I'd like to ask this same question since I've been looking at the monsterous Rancher XL, seems to be better quality than the Oklahoma Joe, and Char Broil... I know the Kingsford is basically the same as Rivergrille, both brands made by Rankam in China... and yes, the Rancher XL is heavy as hell.


----------



## Berettaclayshooter (Jul 28, 2018)

Just checked those out online... I bought my OKJ highland reverse for under $300, I think $500 is a lot of money for a home smoker that's made over seas.  I do like the full size door on the Kingsford for the firebox.  The upper lid would be welded shut, no need.


----------



## Diabolical_SmokeMaster (Sep 12, 2018)

Berettaclayshooter said:


> Just checked those out online... I bought my OKJ highland reverse for under $300, I think $500 is a lot of money for a home smoker that's made over seas.  I do like the full size door on the Kingsford for the firebox.  The upper lid would be welded shut, no need.



I actually have one, it's ok... as in the build quality is fine, the main smoke chamber has a gasket to keep the smoke in.  I made the move from a verticle offset to the Rancher XL...  There are a couple of issues, for anyone purchasing here are mine:

1) Exhaust pipe:  The pipe is at the top side of the chamber.  I think this should have been placed at the center on par with the cooking rack or slightly lower.

2) Smoke box tray:  The dinky tray provided should have been a basket for wood or charcoal, instead it's more of a tray that allows coals to fall overboard like rats fleeing a ship.

3) Smoke Chamber:  No baffle, this one REALLY needs a baffle/tuning plate.  The heat/smoke from the firebox travels over the cooking rack straight out the pipe.  Yes, the chamber heats up, but it doesnt distribute smoke and heat evenly across the chamber.  Stock, you'll end up with a temp varience of nearly 30 degrees towards the exhaust end.  So lets say you loaded up with chicken, the chicken closest to the firebox will obviously be hotter, but the with no baffle, chicken mid way to exhaust will have a 25+ degree internal difference.  That's the difference between undercooked chicken and raw... NOGO!! 

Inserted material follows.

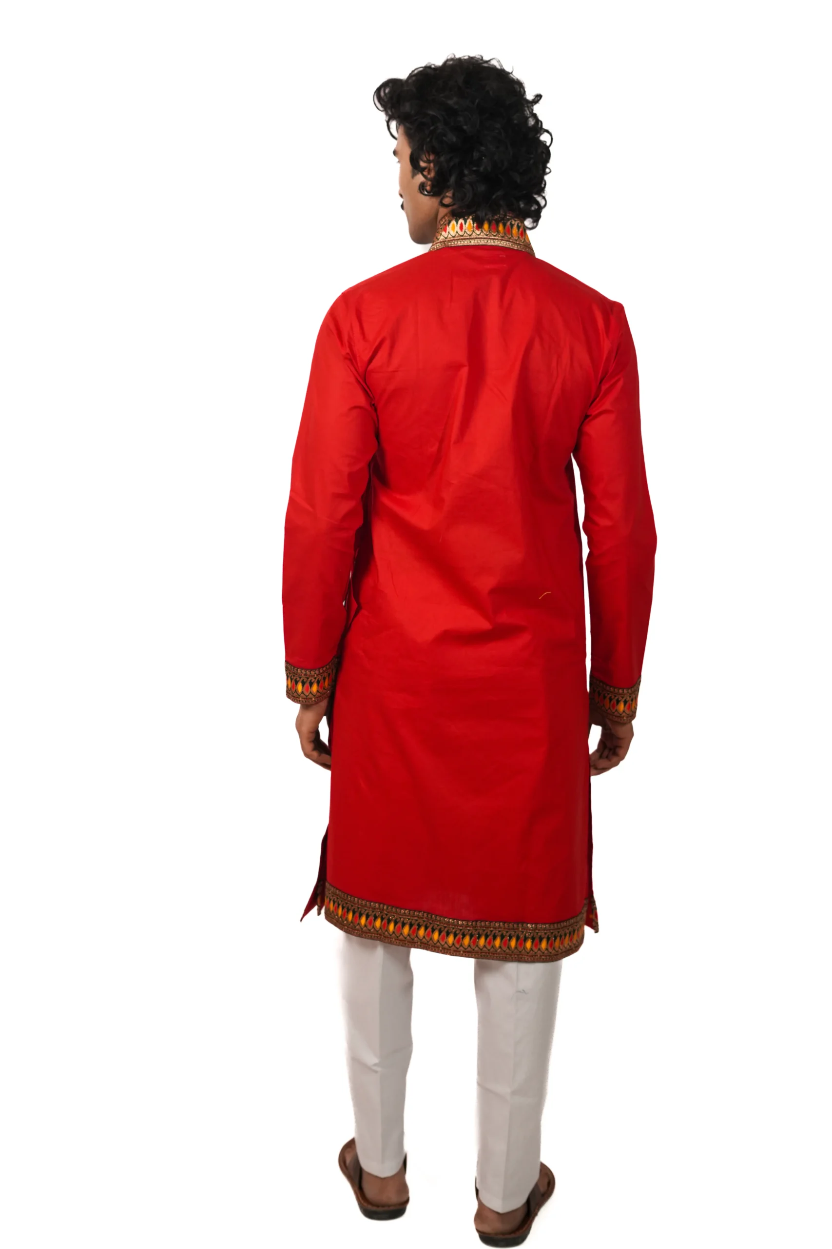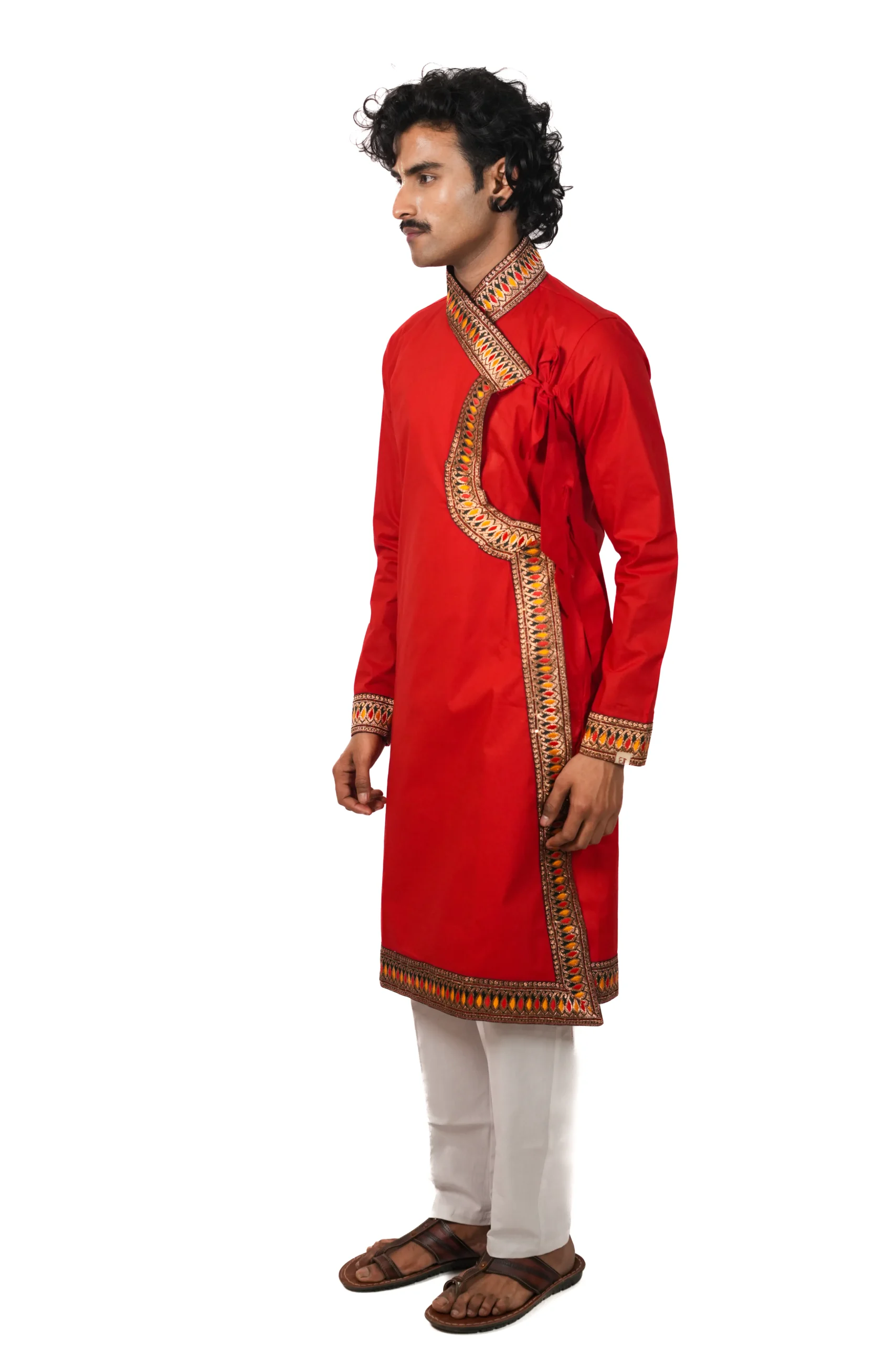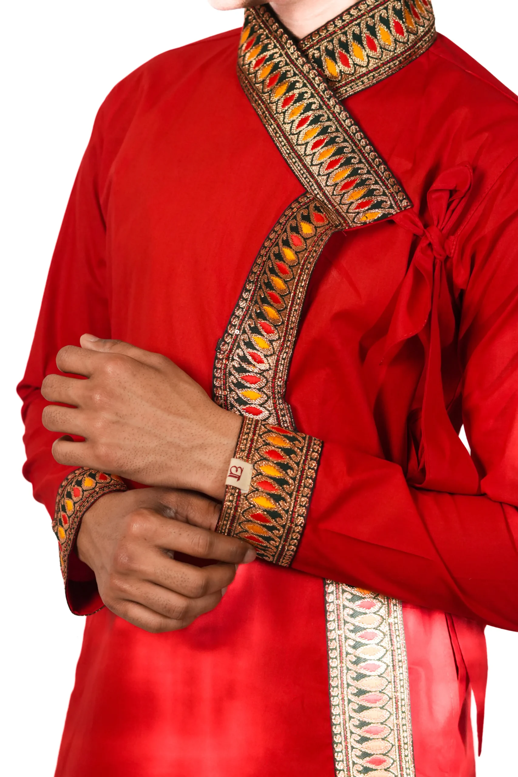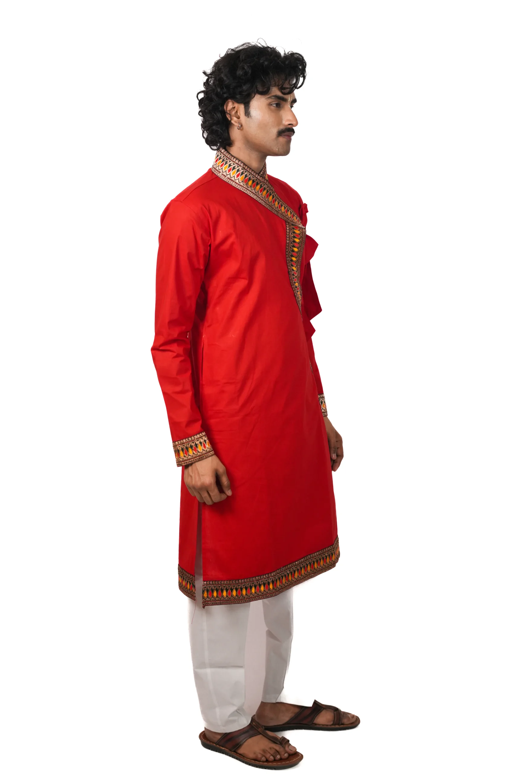 कॉटन बागलबंधी, जिसमें आकर्षक बॉर्डर डिटेलिंग की गई है। यह आराम और उत्सव दोनों के लिए उपयुक्त है।

4) Lower cook shelf: Don't even think about it, nothing will cook that far below the heat coming from the firebox.  It does get warm, but since the heat from the firebox is traveling up and over the surface exscaping out the exhaust pipe fairly quick, the risk to messing up your food is too great.  

I've used it roughly 8 times after my burn in and seasoning, and have had to go back to my verticle, for smoking, grilling burgers, dogs, and brats you can just put coals on the bottom grates, but for smoking... in my experience, it needs that baffle if you are smoking anything, which is what actually brought me to this site... 

HELLO ALL, heck of a first post right.


----------



## BayernButcher (Apr 12, 2019)

I bought one last year and I'm just about to start to add mods. You'll most certainly need a baffle plate and charcoal basket. It wasn't successful using  the lower cooking shelf.Built very well though.


----------



## Damus Smith (Mar 12, 2020)

BayernButcher said:


> I bought one last year and I'm just about to start to add mods. You'll most certainly need a baffle plate and charcoal basket. It wasn't successful using  the lower cooking shelf.Built very well though.


What mods have you made, also have you found a prefabbed tuning plate for your grill. i have one and dont use it much for lack of a tuning plate.


----------



## JWFokker (Mar 12, 2020)

Berettaclayshooter said:


> Just checked those out online... I bought my OKJ highland reverse for under $300, I think $500 is a lot of money for a home smoker that's made over seas.  I do like the full size door on the Kingsford for the firebox.  The upper lid would be welded shut, no need.



Good luck finding a US built offset for under $1000.


----------



## DrHouse (Jul 12, 2020)

JWFokker said:


> Good luck finding a US built offset for under $1000.





Berettaclayshooter said:


> Just checked those out online... I bought my OKJ highland reverse for under $300, I think $500 is a lot of money for a home smoker that's made over seas.  I do like the full size door on the Kingsford for the firebox.  The upper lid would be welded shut, no need.


Well if you weld the lid on the firebox shut that would be dumbfounded. The firebox has two grilling racks for direct heat grilling. Second your arm would be burned when adding more fuel when you doing long smoking sessions. Kinda hard to do a 18lb briskets (20 hours or low and slow) and add lumps of coal and wood chucks with that top wielded.


----------